I’ve read about the Pew study, but haven’t read it directly, so I’m relying on WageSlave’s summary of it. That said, Pew is incorrect if it asserts that the state missed any of its scheduled PERA payments. The state has suspended payments to other pension plans, but not to PERA. Pew assumes, however, that when there’s a shortfall in the plan’s amortization schedule — whether due to increased benefits or investment losses — that the state should pay more to make up for that. Some pension plans actually impose these contribution increases on state budgets automatically. Colorado law requires legislation to change contribution levels. Since 2004, the state’s contribution to PERA has been increased from 10.15 percent to 16.15 percent — or to 20.15 if this year’s PERA “fix” is passed.
There is no way possible that PERA earns 8% return into infinity and beyond. It just ain’t going to happen. This is a Depression folks, the economy is being propped up with FED funny money. Pull the curtain back and anyone can see how screwed we really are.
@Mark and WageSlave
Myself and a colleague recently dissected the PEW study. The key phrase is “actuarially required”. What happened is the State did not pass legislation to increase contribution levels into PERA for several years after benefits were increased during the dot-com bubble. Thus PERA became more underfunded with each passing year. The State legislature and perhaps employee lobbyists squarely take the blame for the current PERA debacle.
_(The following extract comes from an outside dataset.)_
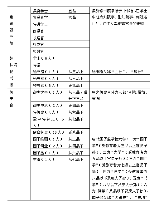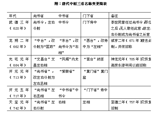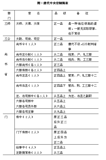 唐代的官制基本是沿袭隋制。《新唐书·百官志》云:“唐之官制,其名号禄秩虽因时增损,而大抵皆沿隋故。” 以皇帝为首的封建国家体制,在唐高祖武德时期就比较完备地建立起来。皇帝掌握着国家的最高权力,操有对一切臣民生杀予夺的大权。法律和法令都以皇帝的名义颁布,皇帝有权修改法律和法令,并可以不受法律和法令的约束。在皇帝之下,有三省、六部、九寺、五监等职官体系。在中枢机构中,制令机关、封驳审议机关与行政事务机关是分工而又合作的。政务机关和事务机关的职责是很分明的,监察机构也很完备。此外,还有一套比较完备的品阶勋爵制度。《新唐书·百官志》说: 其辩贵贱,叙劳能,则有品、有爵、有勋、有阶,以时考覈而升降之,所以任群材、治百事……方唐之盛时,其制如此。 随着社会矛盾的发展和政治形势的变化,唐代的职官制度也发生了变化。“使职差遣”逐渐侵夺了原来职官的权力,新出现的一些使职,使得原来的一套官僚体系发生了紊乱。他们占据了中央与地方的大部分权力。当时的局面,正如李肇《唐国史补》所说的“为使则重,为官则轻”。这种现象对宋代官制也有一定的影响。唐代的中央官制大致有以下几个系统: 一、同中书门下平章事与政事堂 唐代初年,以中书省长官中书令、门下省长官门下侍中、尚书省长官尚书令共议国政,都是宰相。宰相是辅佐皇帝总领天下大政的官员。《新唐书·百官志》说:“佐天子总百官,治万事,其任重矣”。后来,因为唐太宗即位前虽曾任过尚书令,臣下避而不敢居其职,便以仆射为尚书省长官,与门下侍中、中书令号称宰相。据《册府元龟·宰相总序》说,自隋代以来,就有“或以他官参掌机事及专掌朝政者,并为辅弼”。唐代也因宰相品位尊崇,人主不肯轻易授人,故常以他官居宰相职,并假借他官之称。如唐太宗时,杜淹以吏部尚书参议朝政,魏征以秘书监参预朝政,其后,或称“参议得失”,或称“参知政事”等等,名称不一,都是宰相之职。《旧唐书·李靖传》载贞观八年(公元634年),中书令(《百官志》作仆射)李靖因足疾上表“乞骸骨”,其言辞极为恳切,唐太宗为之感动,说:朕观古往今来,身居富贵,能知足者甚少。纵然才能不堪,身患疾病,犹自强居职位。公能识大体,精神诚可嘉。于是,太宗除下优诏,令其在家调养外,又命其疾小愈,两、三日一至中书门下平章事。贞观十七年(公元633年),太宗以李勣为太子詹事(东宫百官之长),并特加“同中书门下三品”之衔,使其与侍中、中书令一样参预宰相职事。从此之后,就有“平章事”与“同三品”的衔号,就是品级再高的官,也不例外,否则,就不能行使宰相的职权,只有三公、三师及中书令不加,永淳元年(公元682年),以黄门侍郎郭侍举,兵部侍郎岑长倩等同中书门下平章事,自此以后,“同平章事”也成为宰相的衔号。开元以后,为仆射者例不加“同平章事”,结果就不能参与宰相机务,而被挤出宰相行列。 安史之乱以后,宰相名号又有了变化。由于代宗大历十二年(公元777年)升中书令和门下侍中为正二品,所以就废除了“同中书门下三品”的职衔。与此同时,中书令和门下侍中基本是藩帅兼领,几乎不单独作为宰相来设置,因此,唐后期的宰相名号基本上就是“同平章事”了。 唐代初年,三省长官在门下省议事。这个议事地点称为政事堂。《文献通考·职官四》说:“中书出诏令,门下掌封驳,日有争论,纷纭不决,故使两省先于政事堂议定,然后奏闻”。其后,高宗时的裴炎自侍中迁中书令,乃徙政事堂于中书省。玄宗开元十一年(公元723年),张说为中书令,又改政事堂为“中书门下”,并且列吏房、机务房、兵房、户房、刑礼房五房于后,“分曹以主众务。”至此,政事堂已从“议事”之所变成宰相的办事机关了。产生这个变化的原因是因为唐玄宗以前,宰相都是三省长官兼职的(因三省长官尚有本省常务),他们上午在政事堂议事,下午就回本省办公,因此,不必要另立宰相的办公机关。玄宗开元以后,宰相数量少了,其职位更为尊崇,基本上是专职的(杨国忠虽身兼四十余职,但也以相职为主),于是就有必要设立一个固定的宰相办事机关,并列五房以处理日常行政事务。 政事堂会议是协助皇帝统治全国的决策机关。军国大事经政事堂会议商定,奏请皇帝最后裁决;机密大事以及五品以上官员的升降任免,只在政事堂议论,他官不得预闻。在政事堂(或中书门下)议事的几位宰相中,有一位是首席宰相,称为“执政事笔”。唐玄宗时,李林甫、杨国忠为相,他们之所以能专权用事,一个重要的原因,就是他们长期窃居了“执政事笔”的职位。安史之乱后,肃宗鉴于相权集中而造成个人专断之弊,乃“令宰相分直政事笔、承旨,旬日而更”。宰相十天一秉笔的制度,到唐德宗贞元十年(公元794年),才改每日一人轮流秉笔,其用意显然是在于防止宰相专权,但德宗以后,这个制度并没有沿续下去,如穆宗、敬宗时的李逢吉,武宗时的李德裕都是独秉国政的。宰相权力的大小,都是取决于皇帝(还有中晚唐时期的宦官)的态度的。 二、三省六部 唐沿隋制,中书省、门下省、尚书省同样是国家最高的政务机构,分别负责决策、审议和执行国家的政务,同时把原尚书省诸曹正式确定为吏、户、礼、兵、刑、工六部。部下有司,部的首长称尚书,副首长称侍郎,各司正、副负责人称郎中、员外郎。 隋
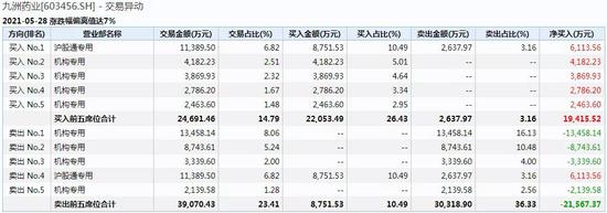 盘后龙虎榜数据显示,今日机构专用席位在九洲药业上拼杀得极为惨烈,前买5和前卖5席位中均出现4个机构专用席位,并且一个沪股通专用席位也来回倒手。数据显示,沪股通专用席位在买入8751万元的同时卖出2637万元,净买入超过6100万元。4个机构专用席位累计净买入1.33亿元,而另4个机构专用席位累计净卖出高达2.77亿元。

I have been a state employee for years, we see no raises year after year and now, they can just reach into our pockets to help shore up PERA. I don’t understand how we have no say in our own destiny – it’s like being robbed and having to like it. I work hard everyday and I’m sick and tired of everyone saying how lazy state workers are. What we truely are is the pawns of the state of Colorado, they do what they want with us and we have no voice. I agree with the gentleman earlier, the state is going to really be in trouble when the economy comes back – we are all planning on jumping ship in droves the way they have treated us. Who would want this job anyway? Not me, as soon as this economy is uprighted, I’m outta here, they can keep their stinkin PERA!